Случалось, отец выводил их в город, и они шли следом, в затаенном трепете обожания и гордости. И отец, влюбленный в Киев, показывал им дома, построенные Городецким, тем Городецким, которого отец (о! о!) видел, когда был мальчишкой, караимскую кенасу — молельню в восточных завитушках, явившуюся из «тысячи и одной ночи» и ставшую кинотеатром, высокий, очень высокий доходный «замок» Ричарда Львиное Сердце на кривом Андреевском спуске, который стекал к Подолу ручьем из булыжников, и таинственный, головокружительный, манящий дом с морскими чудищами на обрыве за театром Франко, за плакучими вербами, и музей с дремлющими львами, стерегущими улицу, которая вела в кривом и веселом подъеме к загадочной, пещерной, монашеской Лавре.
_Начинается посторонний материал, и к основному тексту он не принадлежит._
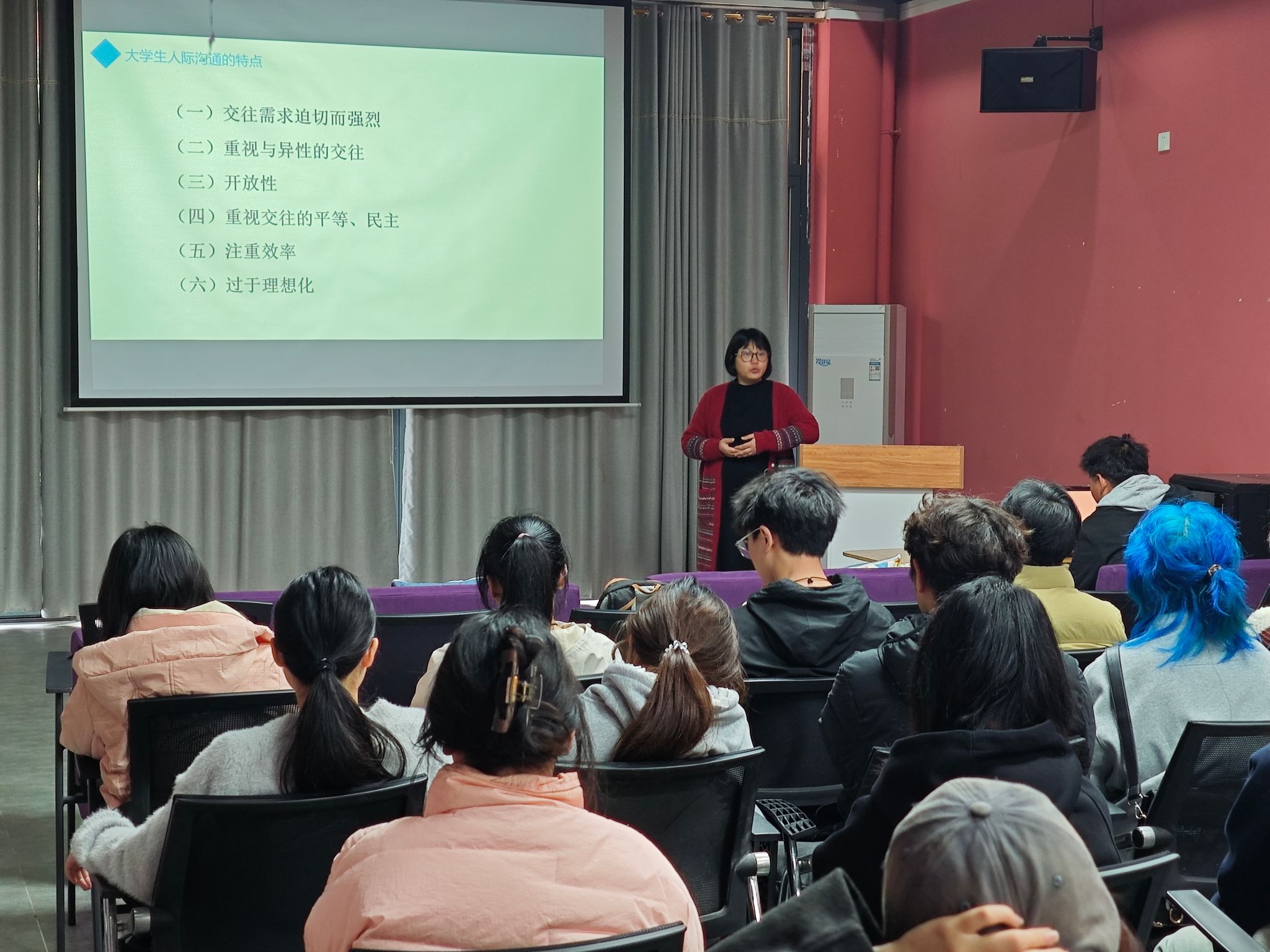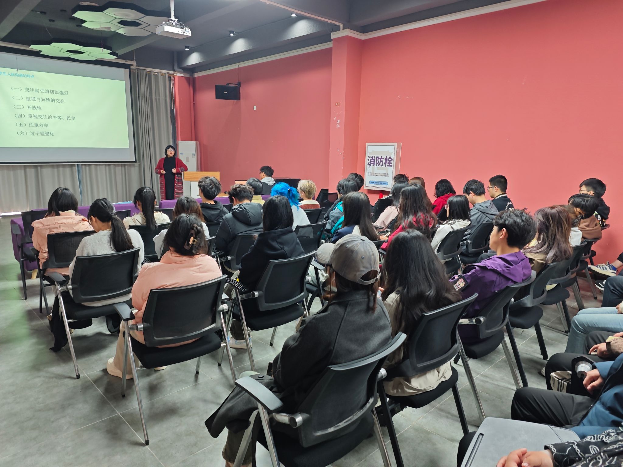 随后,学院邀请兼职心理老师龙涛老师以丰富的案例和生动的讲解,剖析寝室人际关系中常见的矛盾冲突及产生原因,如生活习惯差异、性格不合等。龙涛老师指出,良好的寝室人际关系是大学生心理健康的重要保障,心委应积极引导同学们学会理解、包容和沟通。在如何进行有效沟通方面,龙涛老师由案例引入,展开讲述了不同沟通方式下的问题解决情况。并传授了实用的应对策略。

Отец открывал перед ними город бережно и неспешно, как старую шкатулку с фотографиями и семейными реликвиями, и они млели, слушая его, но все же оставались сыновьями хуторской Данки и вдруг не выдерживали, и тогда отец останавливался, глядя на них изумленно из-под напущенных век, как будто впервые увидев их белые отглаженные рубахи из бумазейки, их красные галстуки, их розовощекие круглые хулиганские лица с щедро подаренными матерью конопушками; строго растянув рот, он слушал их уличную бойкую болтовню на киевском неподражаемом суржике [17] С у р ж и к — букв. смешанная ржаная и пшеничная мука, иносказательно — смешанная русско-украинская речь.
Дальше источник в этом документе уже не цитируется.